Young R B, Bergen W G, Blauwiekel P B
J Cell Biol. 1979 Apr;81(1):115-22. doi: 10.1083/jcb.81.1.115.
The rate of constitutive myosin synthesis was measured in cultures of replicating embryonic chicken skin fibroblasts by pulse labeling with [3H]leucine. These cells synthesized the 200,000-dalton heavy chain of myosin (MHC) at a rate of 3.2 x 10(3) molecules/cell/min. Additionally, an independent estimate of the MHC synthesis rate needed to maintain a constant level of constitutive MHC/cell was calculated from total protein content, percentage MHC, fibroblast doubling time, and MHC half-life. This calculated rate of approximately 2.9 x 10(3) molecules/cell/min was in close agreement with the measured rate. By comparison, the synthesis rate of myofibrillar MHC in fully activated muscle cell cultures was approximately 2.9 x 10(4) molecules/nucleus/min.

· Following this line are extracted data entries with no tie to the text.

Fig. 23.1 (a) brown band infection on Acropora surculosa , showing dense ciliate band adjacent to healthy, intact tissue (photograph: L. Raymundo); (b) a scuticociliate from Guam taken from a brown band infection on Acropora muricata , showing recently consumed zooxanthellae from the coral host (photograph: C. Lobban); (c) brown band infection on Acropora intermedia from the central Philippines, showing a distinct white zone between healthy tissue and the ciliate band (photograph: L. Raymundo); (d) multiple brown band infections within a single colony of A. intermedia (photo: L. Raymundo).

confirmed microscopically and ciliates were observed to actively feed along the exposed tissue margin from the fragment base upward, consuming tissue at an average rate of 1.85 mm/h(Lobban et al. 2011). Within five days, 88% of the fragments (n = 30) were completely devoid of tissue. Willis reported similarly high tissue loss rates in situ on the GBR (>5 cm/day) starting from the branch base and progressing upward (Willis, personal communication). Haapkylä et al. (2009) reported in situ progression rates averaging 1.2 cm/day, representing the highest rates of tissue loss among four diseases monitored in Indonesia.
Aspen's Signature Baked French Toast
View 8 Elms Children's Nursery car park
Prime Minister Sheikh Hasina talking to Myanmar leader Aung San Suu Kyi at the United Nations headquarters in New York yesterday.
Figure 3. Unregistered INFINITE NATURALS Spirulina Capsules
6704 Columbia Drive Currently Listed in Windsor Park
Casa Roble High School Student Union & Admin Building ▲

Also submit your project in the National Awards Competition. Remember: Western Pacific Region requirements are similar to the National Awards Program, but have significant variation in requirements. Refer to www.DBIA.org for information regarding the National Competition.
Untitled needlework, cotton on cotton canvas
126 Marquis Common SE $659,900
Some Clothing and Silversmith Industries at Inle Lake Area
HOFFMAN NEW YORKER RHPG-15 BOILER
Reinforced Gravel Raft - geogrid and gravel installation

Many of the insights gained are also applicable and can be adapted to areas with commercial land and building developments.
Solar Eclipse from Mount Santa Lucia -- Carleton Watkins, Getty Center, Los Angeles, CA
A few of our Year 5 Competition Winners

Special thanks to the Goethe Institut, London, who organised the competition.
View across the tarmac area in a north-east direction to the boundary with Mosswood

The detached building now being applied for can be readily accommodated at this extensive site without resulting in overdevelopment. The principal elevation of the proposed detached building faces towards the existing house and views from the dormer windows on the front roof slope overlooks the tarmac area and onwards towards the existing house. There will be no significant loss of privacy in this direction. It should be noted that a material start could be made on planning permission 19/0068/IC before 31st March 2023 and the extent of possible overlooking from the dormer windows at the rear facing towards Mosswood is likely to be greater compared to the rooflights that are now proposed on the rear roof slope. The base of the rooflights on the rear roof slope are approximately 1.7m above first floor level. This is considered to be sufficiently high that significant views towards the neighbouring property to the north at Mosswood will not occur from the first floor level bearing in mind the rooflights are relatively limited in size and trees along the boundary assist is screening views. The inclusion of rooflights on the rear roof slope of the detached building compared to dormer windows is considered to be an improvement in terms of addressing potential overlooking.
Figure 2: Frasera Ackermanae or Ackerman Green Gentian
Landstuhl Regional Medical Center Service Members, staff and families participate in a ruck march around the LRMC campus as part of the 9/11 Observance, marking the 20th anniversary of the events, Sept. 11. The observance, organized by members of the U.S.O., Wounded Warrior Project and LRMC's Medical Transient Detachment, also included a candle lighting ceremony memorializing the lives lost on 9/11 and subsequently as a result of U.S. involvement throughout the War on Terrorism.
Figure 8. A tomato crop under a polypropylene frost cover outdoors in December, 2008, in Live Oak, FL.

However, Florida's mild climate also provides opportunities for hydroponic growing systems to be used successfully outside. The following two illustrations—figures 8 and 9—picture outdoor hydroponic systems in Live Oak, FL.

通过用[³H]亮氨酸脉冲标记,在复制的胚胎鸡皮肤成纤维细胞培养物中测量组成型肌球蛋白的合成速率。这些细胞以3.2×10³个分子/细胞/分钟的速率合成200,000道尔顿的肌球蛋白重链(MHC)。此外,根据总蛋白含量、MHC百分比、成纤维细胞倍增时间和MHC半衰期,计算出维持每个细胞中组成型MHC恒定水平所需的MHC合成速率的独立估计值。这个计算出的速率约为2.9×10³个分子/细胞/分钟,与测量速率非常一致。相比之下,在完全活化的肌肉细胞培养物中,肌原纤维MHC的合成速率约为2.9×10⁴个分子/细胞核/分钟。